Indian Medical Association
- Abbreviation: IMA
- Formation: 1928; 98 years ago
- Headquarters: New Delhi
- Location: Indian Medical Association, IMA House, I.P. Estate, Next to Vikas Minar, New Delhi - 110002;
- Region served: India
- Membership: 317,458 as of November 30, 2019
- National President: Dr. R. V. Asokan
- Website: www.ima-india.org

= Indian Medical Association =

Society of Indian physicians formed in 1928

The Indian Medical Association (IMA) is a private, national voluntary organisation of physicians in India. It was established in 1928 as the All India Medical Association, and was renamed the Indian Medical Association in 1930. It is a society registered under The Societies Act of India.

==Background==
The Indian Medical Association has approximately 350,000 member doctors in 1,700 active local branches in 29 states and union territories in India. It is the largest association of medical doctors in India.

Previously stationed out of Calcutta, the IMA is headquartered in New Delhi. Local branches send representatives to a central council which meets annually. The council delegates to a working committee that represents all state branches and meets at least three times a year.

The Indian Medical Association is one of the 27 founder members of the World Medical Association, joining in 1948. The IMA left the organization in 1985 due to the WMA's retention of South Africa, then a practitioner of apartheid. The IMA rejoined the WMA in 1993. A Reuters investigative report from 2015 found that the IMA had incorrectly told the WMA that charges of corruption brought by the Central Bureau of Investigation against former IMA president Ketan Desai had been withdrawn.

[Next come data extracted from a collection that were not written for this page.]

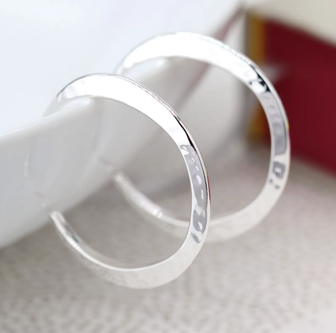 Silver plated open hoop stud earrings with a polished finish and irregular beaten surface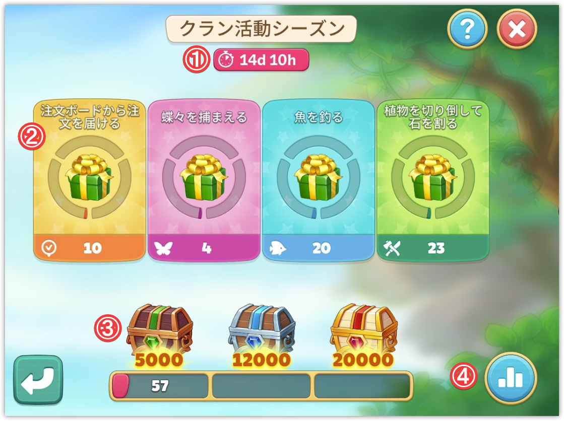 - 進行状況と報酬。 完了したクエストで獲得したポイントが加算され、進行状況バーが伸びていきます。 クランが集めるポイントが多いほど、すべてのメンバーが受け取る報酬が良くなります。 報酬アイコンを長押しすると、中身を見ることができます。 クエスト報酬とは異なり、シーズン報酬はシーズンの終了時に付与されます。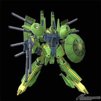 A mobile suit designed by Paptimus Scirocco. As an attack suit designed for high firepower, it is well-outfitted with weapons including a long-barreled beam gun and large anti-ship missiles.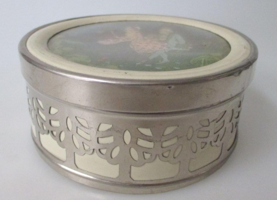 Art deco dåse i metal. Ca. 1930. På låg indlagt collage motiv med rococo scene. Dia.: 11 cm. Højde.: 5 cm.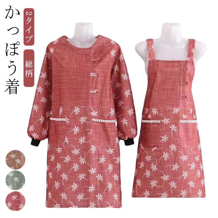 割烹着 かわいい オシャレ 可愛い おしゃれ かっぽうぎ かっぽう着 割烹着おしゃれ チュニック 保育士 レディース エプロン 袖付 ワンピース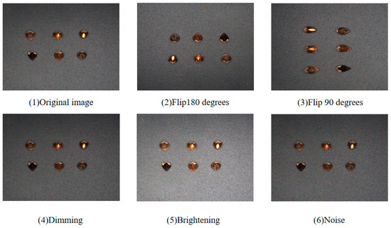 To meet breeding requirements, it is necessary to ensure the purity of Hongshan buckwheat seeds. Therefore, the seeds are classified into four categories, as shown in Figure 3, including complete and with clear texture; complete but with unclear texture; complete without texture; and broken, which were, respectively, represented by WL, WLBMX, WWL, and PS in the experimental results. The uneven distribution of the original buckwheat seeds can lead to errors in training. To ensure the diversity of the dataset and prevent overfitting caused by an imbalanced sample distribution, it is necessary to preprocess the original data. Data augmentation was carried out in this study using the following process, as shown in Figure 4.

The IMA has expressed opposition to integrated medicine or the mixing together of systems of medicine in curriculum, practice and research in India, often by using the term "mixopathy". The IMA has held a number of nationwide protests. These have included several protests between November 2016 and March 2017 that objected to bills raised toward the creation of the National Medical Commission which replaced the Medical Council of India on 25 September 2020. In December 2020, approximately one million doctors attended a day-long strike organized by the IMA to protest a federal government rule that allows practitioners of the Indian system of medicine Ayurveda to perform minor surgeries. In early 2021, the IMA held a two-week nationwide hunger strike to protest the government's support for surgical training for postgraduate students of Ayurveda.

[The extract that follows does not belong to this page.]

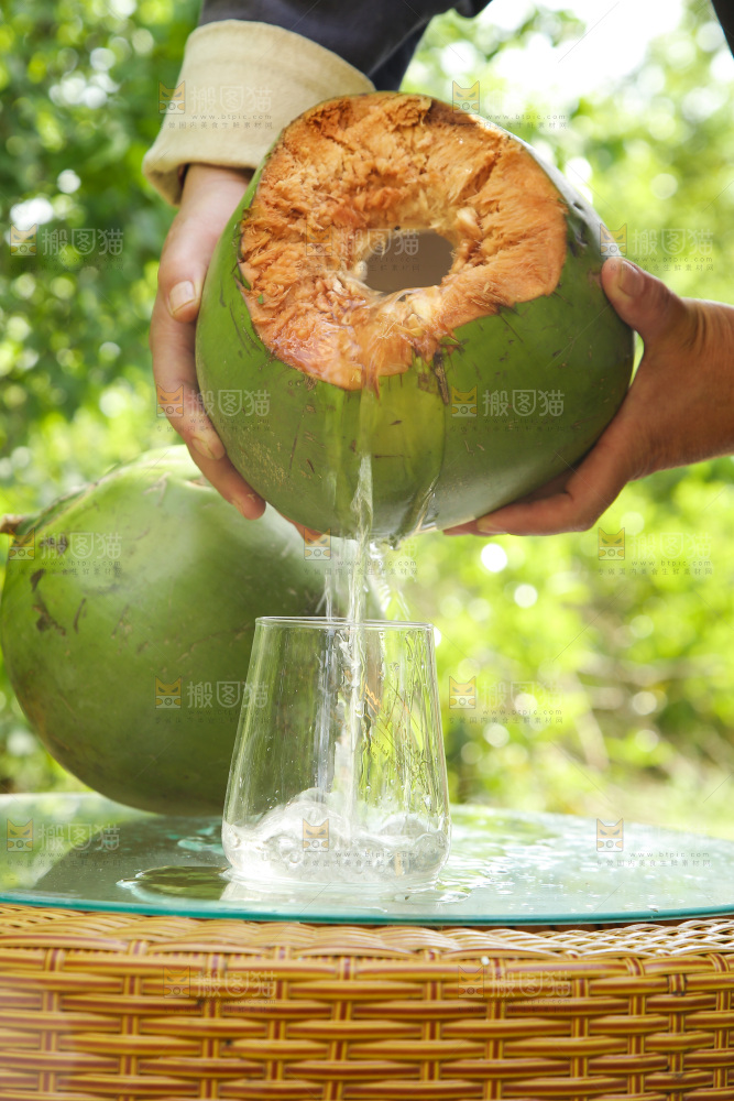 椰子汁倒入杯子中

In 2022, Sahajanand Prasad Singh was listed as the national president for the organization. Singh was preceded in the post by surgeon J. A. Jayalal from 2020 to 2021. Longtime member and cardiologist K. K. Aggarwal held several posts within the IMA including president. Ketan Desai served as the organization's head from 2001 to 2003 following a period when he had been found guilty by Delhi High Court of corrupt practices and abuse of power.

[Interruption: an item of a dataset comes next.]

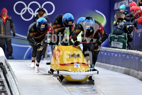 2891963 Cortina d'Ampezzo, Italia, 21 de fevereiro de 2026. Ammour Adam, Ammour Tasche, Schaller, da Alemanha, em acao durante a primeira bateria da prova de bobsleigh de quatro homens dos Jogos Olimpicos de Inverno de 2026 em Cortina d'Ampezzo, Italia. (Foto de Igor Kupljenik/Sports Press Photo) (Igor Kupljenik / SPP)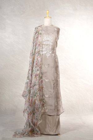 This grey organza silk suit set is crafted for festive occasions and ceremonial gatherings. The kurta features a designer neckline highlighted with heavy floral pitta zari embroidery and is adorned with pitta zari woven floral buti along with scattered embellished motifs across the fabric. It is paired with a floral printed organza silk dupatta enhanced with embellishments and finished with a scalloped embellished border. The set includes a plain silk matching bottom fabric to complete the coordinated dress material.

==Office Bearers of IMA since Inception==

- Bidhan Chandra Roy (1929–30)
- Nilratan Sircar (1931–32)
- Prem Aggarwal (June 1996 to 2000)
- Ketan Desai (2001–2003)
- K. K. Aggarwal (2014–2016)
- R. V. Asokan (2024–Incumbent)

==Journal of the Indian Medical Association==
The Journal of the Indian Medical Association, (JIMA), is indexed in the Index Medicus. Published monthly, JIMA has over 240,000 subscribers for its electronic version and is also available in microfilm through Bell & Howels, US. JIMA was founded in 1930 by Sir Nilratan Sircar, Bidhan Chandra Roy, Kumud Sankar Ray, and others in Calcutta.